Tuesday, February 9, 2010

I wish you would step back from the ledge my friend...

...to spare me from seeing your insides splattered all over the front of an express train.

The trains were late last week because someone threw himself or herself (or their-selves, ewwwwww) in front of an express train and slowed everything down, domino effect. It was the third time my train was delayed by a jumper. The other incidents happened in locations further off, and I could only imagine what happened, but this time I saw actual carnage. I didn't think that the train I sat in on my way to work would pass by that very bloodied express. As my train inched slowly by, our rubbery necks swiveled starboard to catch a passing glimpse of the vacated ghost train. It evoked an image of a gravely wounded soldier sulking back towards home base. The folks in my train were quiet--I mean, Japanese passengers are already a quiet lot, but this quiet was due to stunned silence. The impact of the body (bodies??) left a jagged, blood-stained crater to the front car. Imagine an egg shot by a BB gun.
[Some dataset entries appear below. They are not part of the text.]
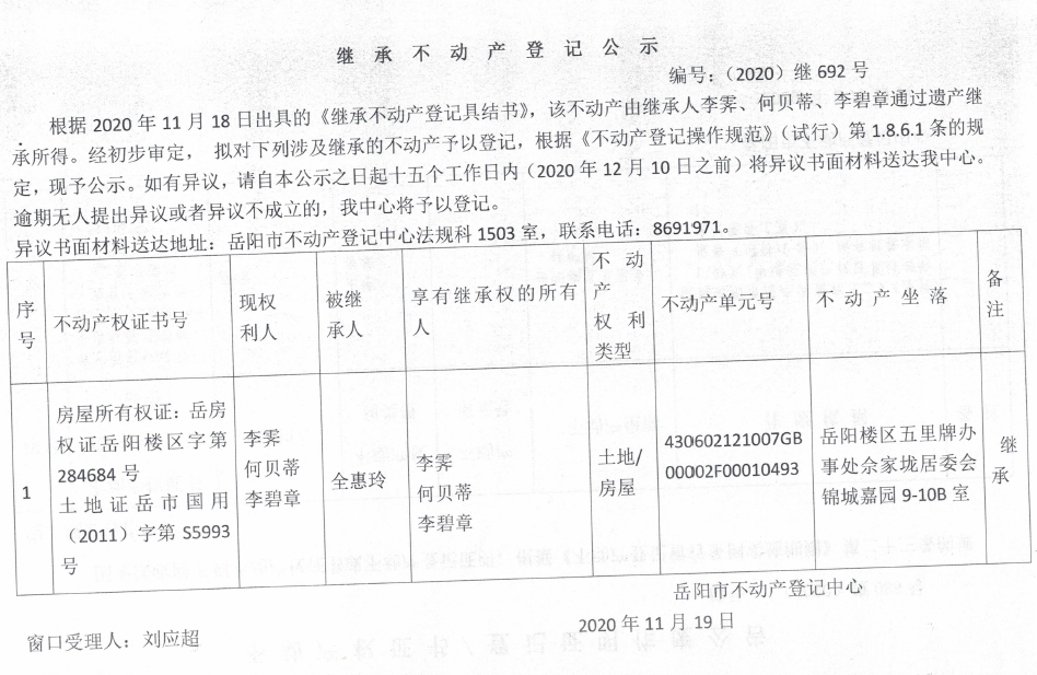 继承(受遗赠)不动产登记公告(李碧章)
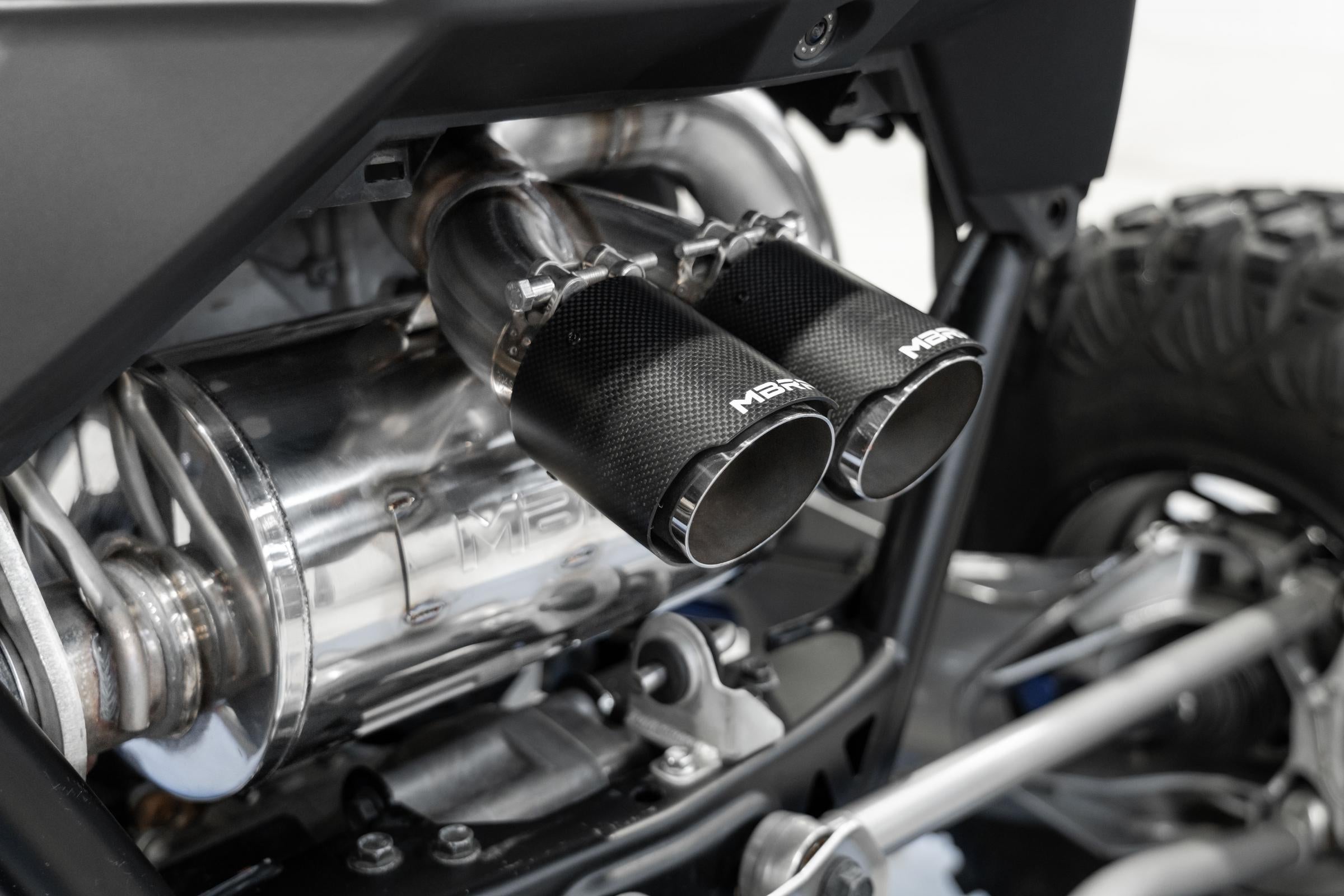 MBRP Exhaust 2022-Up Polaris RZR PRO R T304 Single Slip-on Dual Outlet Performance Series Exhaust with Carbon Fiber Tips MBRP
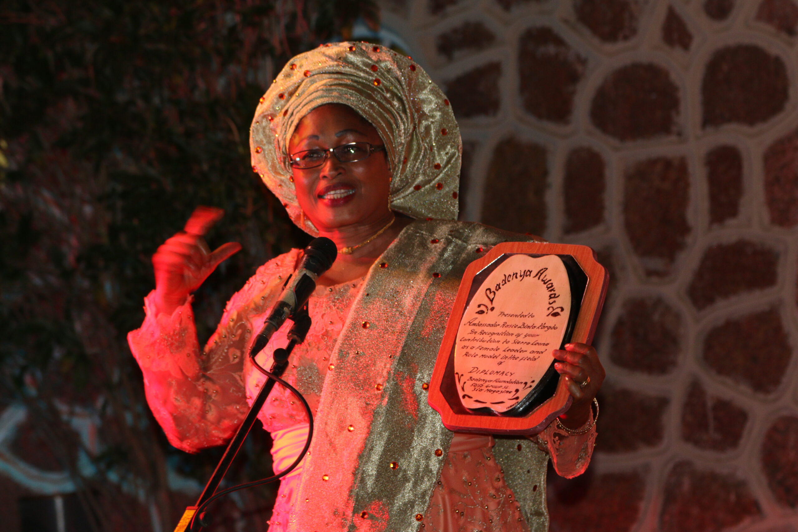 Those awarded and recognized include; Ms. Yvonne Aki-Sawyerr for entrepreneurship, Mrs. Asma James for radio journalism, Ms. Hawa Kamara for representing Sierra Leone and emerging as a culture ambassador, Ms. Natasha Beckley of IAM-SL Pageant Agency, Dr. Slyvia Olayinka Blyden, Minister of Social Welfare Gender and Children Affairs, and Ambassador Rasie Binta Kargbo.

A gruesome image I'll remember for the rest of my life. It got me thinking about suicide--the act of, not committing it, obviously.

(Coincidentally, ironically, poetically--whatever--I was reading "The Bell Jar" at the time. Horray for mental health!)

Anyway, yeah, being hit by a train moving at 300km/h would be swift and painless to the jumper but what about everyone and everything else inconvenienced by the jumper in the process? It would delay hundreds of thousands of commuters and traumatize everyone on the train and the onlookers. A perfectly good train RUINED. And SOMEONE has to clean up the bloody, bodily shrapnel. I think the worst bit is how the bereaved next-of-kins not only suddenly lose a loved-one but are also handed a very fat cleanup tab. I think families can be charged up to $1 million depending on the magnitude of the impact.

What a great way to make everyone hate you! Of course you'd be too dead to have to bother with the collective resentment. Bitter cowards, the lot.

If I HAD TO think of a way to kill myself, it would only be after all my close friends and family died, and, taking a page from the season 1 ender of Nip/Tuck, I would tie a bunch of Christmas hams to my body and throw myself into crocodile-infested waters so no one would have to deal with the cleanup and the 'gators would get a nice meal.

Anyway, this was a veryveryvery morbid entry and if there were anything more interesting going on in my life I would be blogging about that instead. An entry about how I'm tackling "Yoshimi Battles the Pink Robots Part 1" on guitar would merit 4 sentences. But Tristan, the BF, shrewdly pointed out I've been slacking on 'da Beat, so I slapped this lovely entry together just for him! You're welcome, hunny, and Happy Valentines!